His notable interviews as a journalist have been with former U.S. Secretary of Labor Robert Reich in In These Times, comedy writer Jane Bussmann, Sudanese Anglican Bishop Andudu Adam Elnail, General Minister and President of the United Church of Christ John C. Dorhauer, and historian John Ragosta in Religion Dispatches.

His articles have been anthologized in such scholarly works as Encyclopedia of Millennialism and Millennial Movements, (Routledge, 2000); Harcourt Source Readings for American Government (Harcourt College Publishers, 2000); Eyes Right: Challenging the Right-wing Backlash (South End Press, 1995); Trumping Democracy in the United States: From Ronald Reagan to Alt-Right' (Routledge, 2019); and "Exposing the Right and Fighting for Democracy Celebrating Chip Berlet as Journalist and Scholar" (Routledge, 2021). He is the editor of A Moment to Decide: The Crisis in Mainstream Presbyterianism (Institute for Democracy Studies, 2000). His work is widely cited in books by others. The progressive journalist and Southern raconteur Joe Bageant, wrote in his book Deer Hunting with Jesus: Dispatches from America's Class War, “Fred Clarkson, a New England Yankee with a streak of liberty a mile wide, has been thinking and writing about this longer than anybody I know.”

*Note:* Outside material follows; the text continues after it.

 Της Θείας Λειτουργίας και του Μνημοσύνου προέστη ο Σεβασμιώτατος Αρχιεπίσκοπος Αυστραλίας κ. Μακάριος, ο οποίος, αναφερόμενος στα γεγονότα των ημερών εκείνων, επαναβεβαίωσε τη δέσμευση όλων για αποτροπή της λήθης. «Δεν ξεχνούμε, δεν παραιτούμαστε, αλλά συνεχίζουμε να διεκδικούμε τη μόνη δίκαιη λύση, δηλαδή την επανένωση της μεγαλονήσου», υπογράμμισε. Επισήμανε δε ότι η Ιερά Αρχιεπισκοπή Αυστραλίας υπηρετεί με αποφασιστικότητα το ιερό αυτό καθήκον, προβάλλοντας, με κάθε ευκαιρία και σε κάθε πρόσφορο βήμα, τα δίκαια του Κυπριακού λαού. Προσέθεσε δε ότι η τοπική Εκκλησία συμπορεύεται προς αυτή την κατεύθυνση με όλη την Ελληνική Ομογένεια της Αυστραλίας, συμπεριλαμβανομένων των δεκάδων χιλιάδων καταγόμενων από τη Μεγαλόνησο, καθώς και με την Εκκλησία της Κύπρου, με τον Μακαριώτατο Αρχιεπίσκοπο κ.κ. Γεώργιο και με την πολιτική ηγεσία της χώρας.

He has often been cited by major media, including such major newspapers as The New York Times, The Washington Post, The Christian Science Monitor, Los Angeles Times and The Guardian. His radio appearances include NPR's Fresh Air, Morning Edition, All Things Considered, and Talk of the Nation, Democracy Now, and State of Belief. His television interviews include CNN, Fox News, ABC's 20/20, and the CBS Evening News; as well as the BBC and the CBC. He has been interviewed in a number of films including the short 2008 documentary Renewal or Ruin? The Institute on Religion and Democracy's Attack on the United Methodist Church by independent producer Steven D. Martin; and Lake of Fire, a 2007 documentary film about abortion by Hollywood film director Tony Kaye.

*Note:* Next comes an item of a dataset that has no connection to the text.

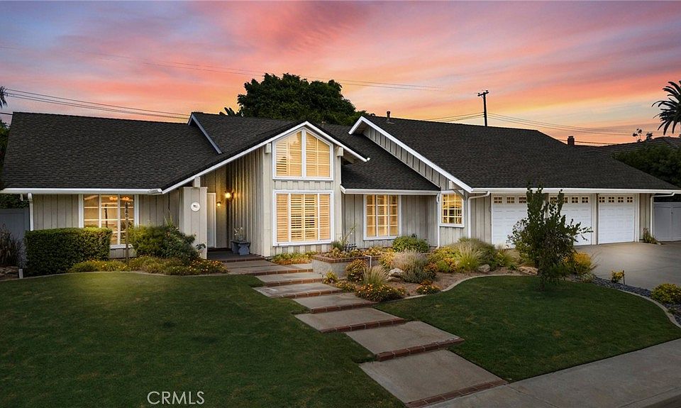 Welcome to your dream home! This stunning single-story residence boasts 4 bedrooms and 2 bathrooms, spanning 2,093 sq ft, and is nestled on a tranquil cul-de-sac in Yorba Linda. As you step through the front door, you are greeted by an inviting entryway that gracefully steps down into the spacious living room. Here, you’ll find high vaulted ceilings and large windows that flood the space with natural light, creating an airy and open atmosphere. Adjacent to the living room is the formal dining area, perfect for hosting dinner parties under the glow of a lovely chandelier. The seamless flow from the dining area leads you into the well-appointed kitchen, featuring ample cabinetry, stainless steel appliances, recessed lighting, and a picturesque view of the backyard through the window above the sink. The family room, just off the kitchen, is a cozy retreat with its high ceilings, a charming fireplace, and expansive views of the backyard. This space is ideal for relaxing evenings with friends. The primary bedroom suite is a true sanctuary, offering a vaulted ceiling, a separate seating area, and an ensuite bathroom complete with dual sinks and a large shower/tub combo. This private retreat provides the perfect escape at the end of the day. The home also includes three generously sized guest bedrooms and a remodeled three-quarter guest bathroom, ensuring comfort and convenience for family and visitors alike. Step outside to the beautifully landscaped backyard, where you’ll find a covered flagstone patio, perfect for outdoor dining and entertaining. The backyard also features a fire pit area, and an outdoor kitchen with a built-in BBQ, making it an entertainer’s paradise. Additional features of this remarkable home include a three-car garage and RV parking, providing ample space for all your vehicles and storage needs. Located in a desirable neighborhood, this home is close to great schools and offers plenty of shopping and dining options nearby. Don’t miss the opportunity to make this exquisite property your own!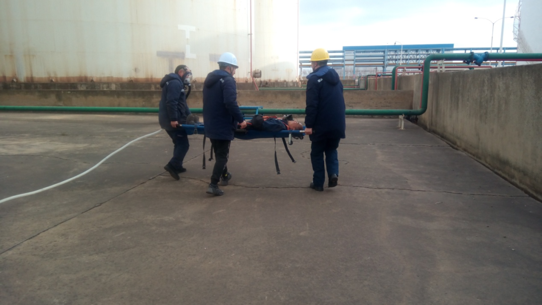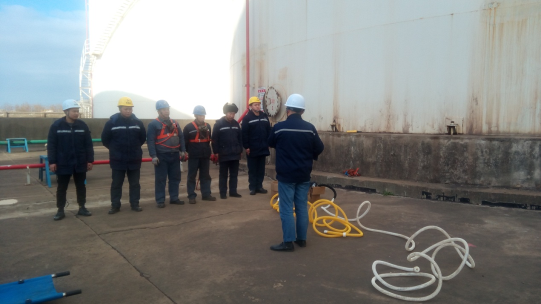 本次演練主要通過模擬作業人員進入儲罐作業時,未按公司操作規程進行,在發生的受限空間事故時,如何通過正確使用應急救援物資在現場進行救援。

He was Senior Fellow for Religious Liberty at Political Research Associates in Somerville, Massachusetts, beginning in 2012 until he became a Senior Research Analyst in 2017. He was a columnist on religious liberty for LGBTQ Nation in 2014–2015. He is the author of a major report, When Exemption is the Rule: The Religious Freedom Strategy of the Christian Right, from Political Research Associates, 2016.

He is the co-founder of Talk to Action, a group blog which features critical reports about the Religious Right.